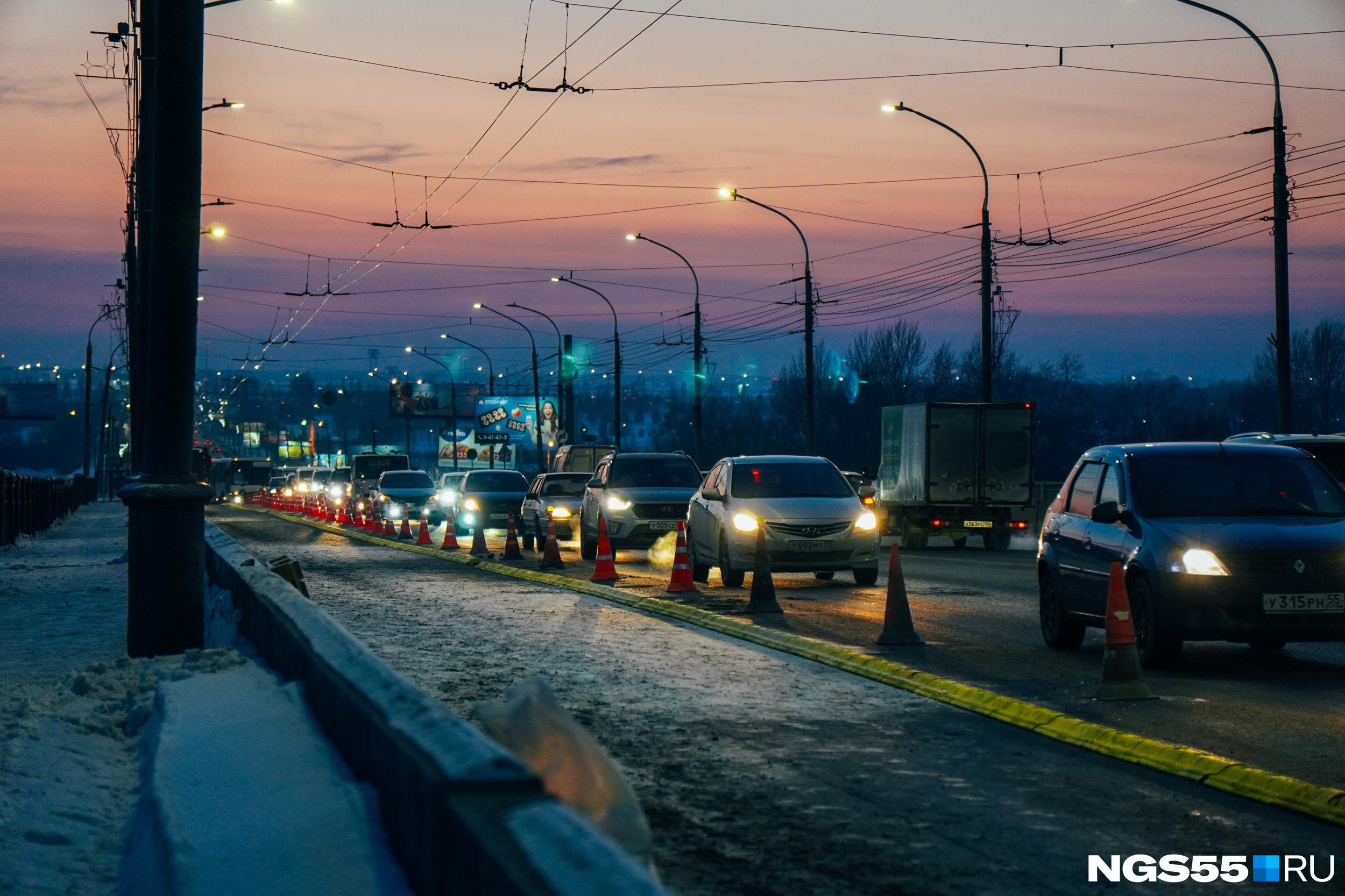 Вечером Омск сковали десятибалльные пробки
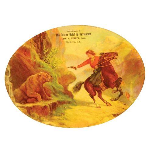 The Palace Hotel and Restaurant Sign, Galva, IA.. Glass chain hanger. Cowgirl on a horse shooting a bear. Slight lifting around edges, otherwise excellent condition. 7 3/4 X 5 3/4 inches.
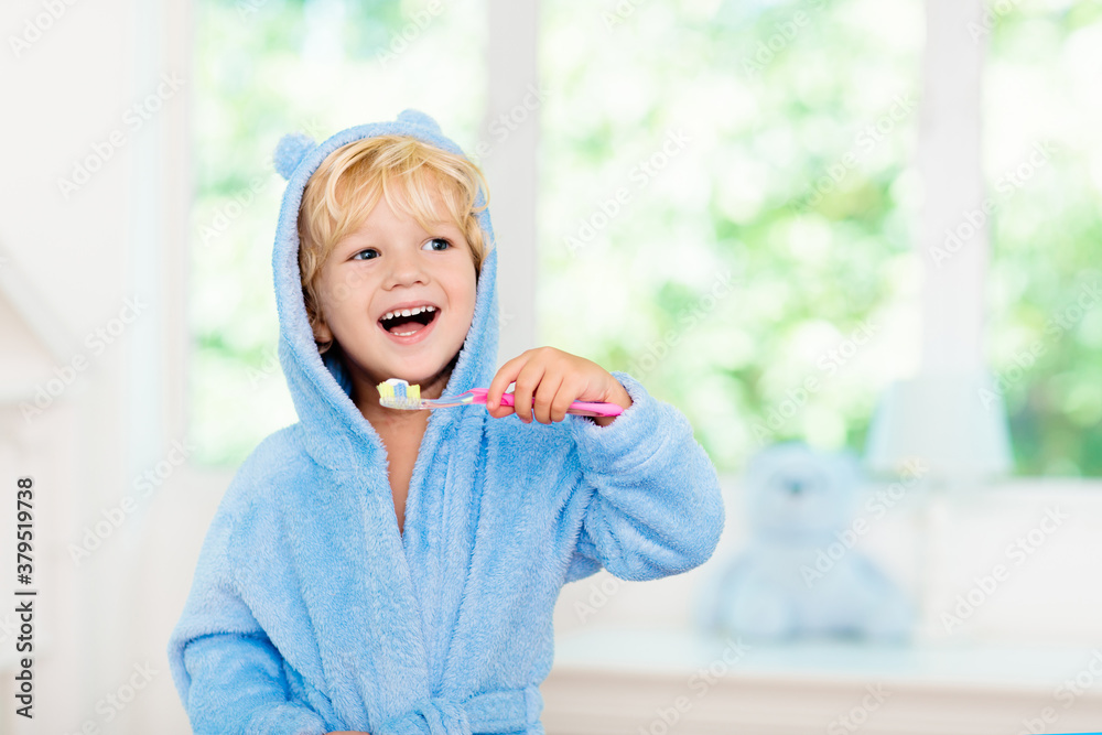 Child brushing teeth. Kids tooth brush.

■ **Your objective**
Print every line above exactly as given, but not the pictures.

■ **Written answer**
 Вечером Омск сковали десятибалльные пробки
 The Palace Hotel and Restaurant Sign, Galva, IA.. Glass chain hanger. Cowgirl on a horse shooting a bear. Slight lifting around edges, otherwise excellent condition. 7 3/4 X 5 3/4 inches.
 Child brushing teeth. Kids tooth brush.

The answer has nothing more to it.